Sunday, 30 March 2014

‘Every Day Is For The Thief’ by Teju Cole


Teju Cole’s narrators take their time getting places. They stick to sidewalks connected to the pathways of the cities they call, or used to call, home. In his first novel, “Open City,” Cole sets a young Nigerian man, his alter-ego, to wander New York’s grid. His novella, “Every Day Is For The Thief”, relocates to another continent, but the space is still urban, and the method of discovery the same: journeys inward, in his fictional worlds, are best done on foot.

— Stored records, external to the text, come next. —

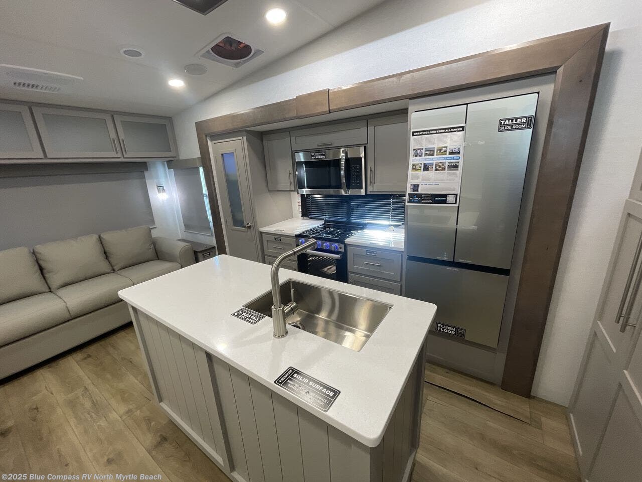 A benchmark chassis creates a space saver upper deck with each one of these Avenue All-Access fifth wheels by Alliance RV! The 101 in. wide-body construction gives you more room to walk around and the flush slide out floors throughout prevent any tripping. There are composite sidewalls inside and out, and PVC roof for extreme durability. You are sure to love no carpet throughout making each Avenue All-Access easy to clean and allergen free, not to mention pet friendly. You can maximize your space throughout with innovative storage solutions like the hidden storage behind the TV, inside the end tables, ottoman, and dinette chairs. These units also include the OTG Solar Package with a 200 watt solar panel, 15 amp MPPT charger, multiple outlets, and more to keep you powered up!
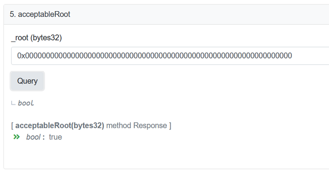 8.幸运的是,有一种简单的方法可以检查这个假设。我知道没有被证明的消息的根是 0x00,因为消息[_messageHash] 将是未初始化的。我所要做的就是检查合同是否会接受它作为根。
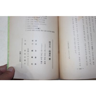 1975년초판 전기수(全基洙)수필집 산골의 봄(山골의 봄)(저자싸인본) > 근대도서
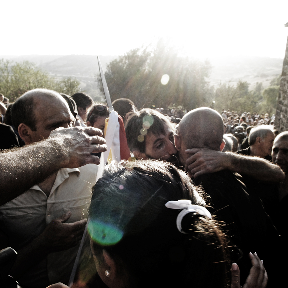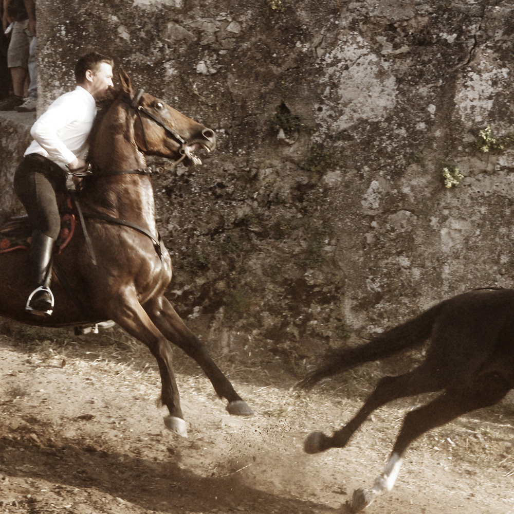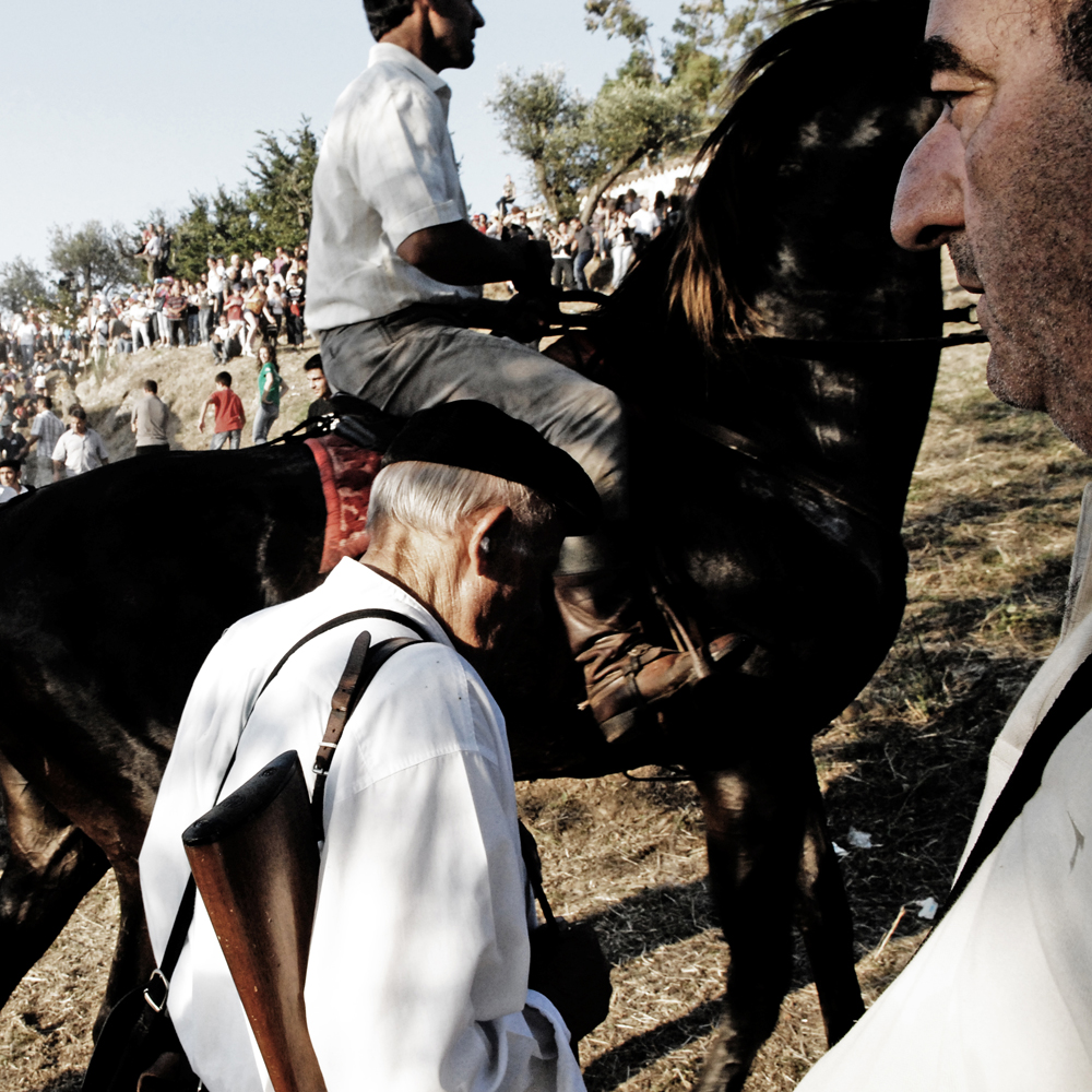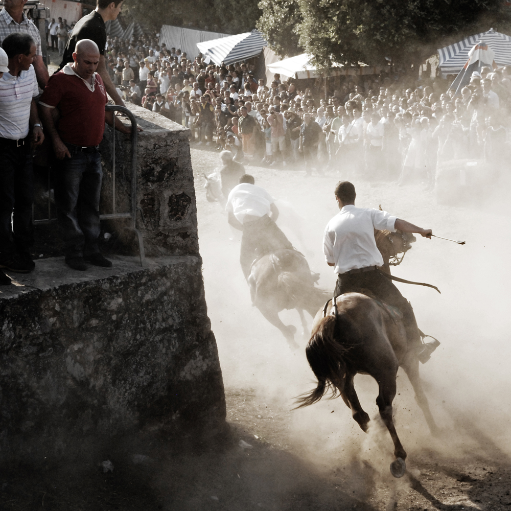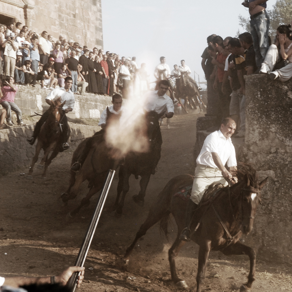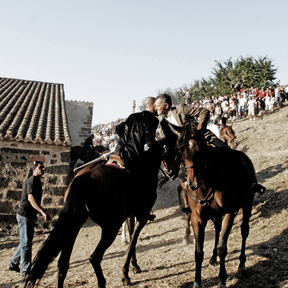 Barbagia is a large mountainous area in the central-eastern part of Sardinia, the Italian island that has extraordinary nature. There are also many isolated villages where people still follow and respect ancient traditions. They live out mostly of sheep-farming and horse-breeding. In the village of Sedilo, every year, a hundred of the most daring and brave horse riders participate in a wild and unrestrained race: the S'ardia. They don't race for money or glory but to show their devotion to a warrior saint, Saint Constantine. Actually he is not a proper saint, according to the Vatican Church that never approved him; but he is to Sedilo’s people, who celebrate his deeds. Riders run down the hill at full gallop, pounding towards the narrow entrance below the Arc of Constantine at full speed amongst rifle shots and clouds of dust.
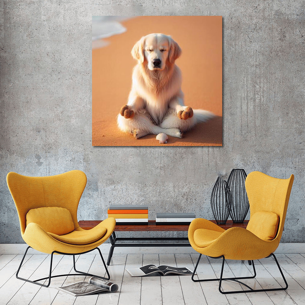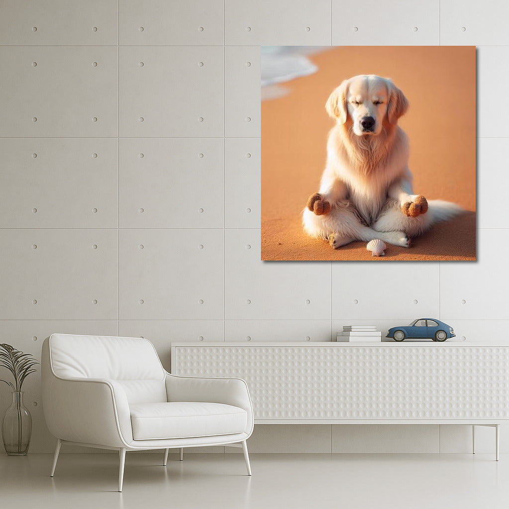 Yoga on the Sand: Lotus Dog by the Sea Wall Art
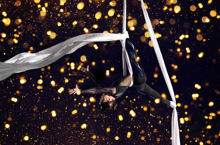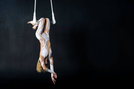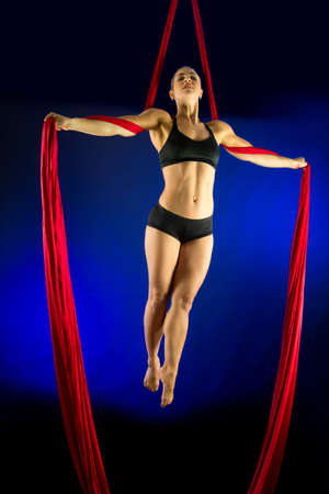 Young woman circus air gymnast. On black background
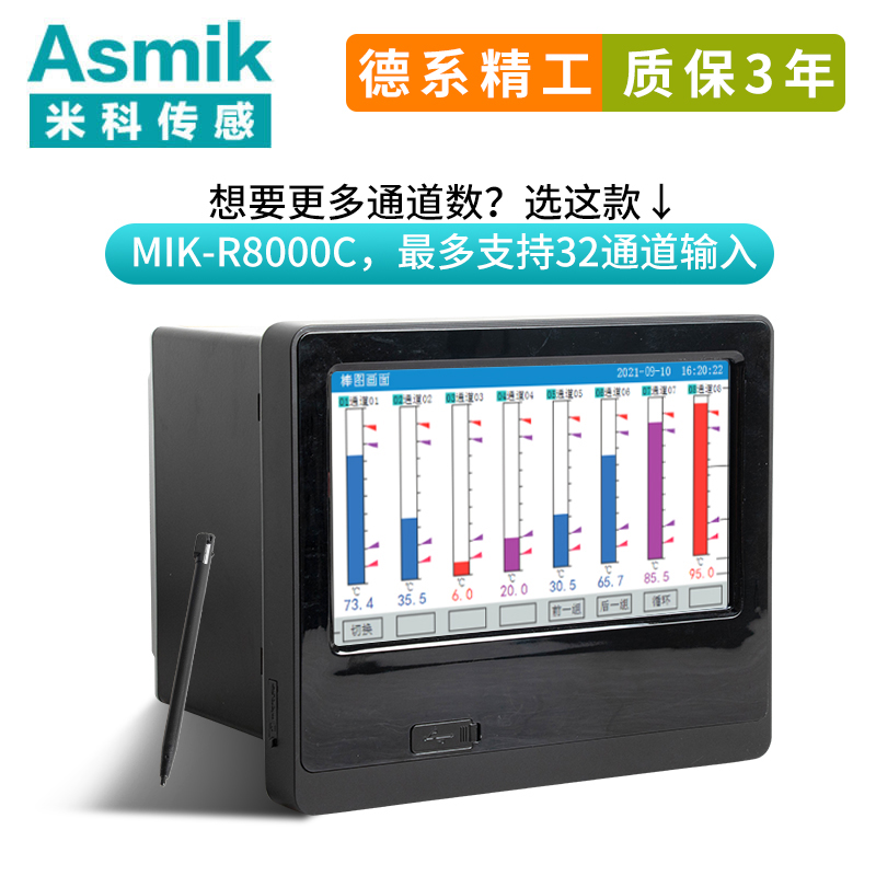 米科MIK-R8000A無紙記錄儀1~24通道數據記錄儀 0.5s采集 全觸摸屏

Cole is following in a long tradition of writerly walkers who, in the tradition of Baudelaire, make their way through urban spaces on foot and take their time doing so. Like Alfred Kazin, Joseph Mitchell, J.M. Coetzee, and W.G. Sebald (with whom he is often compared), Cole adds to the literature in his own zeitgeisty fashion. His wanderer, however, is not man of leisure, soaking up the richness of Paris or New York.The unnamed walker of “Every Day” moves with urgency, and does so in a cityscape that threatens to slide, avalanche-like, into violence.
Cole has a celebrated Twitter presence, with 135,000 followers. “A genius can make manic writing work. The rest of us keep the prose clean and cold because fireworks are better seen at night,” he tweeted earlier this month. And that captures the aesthetic of “Every Day” in which the protagonist walks — and far more importantly thinks — his way around Lagos.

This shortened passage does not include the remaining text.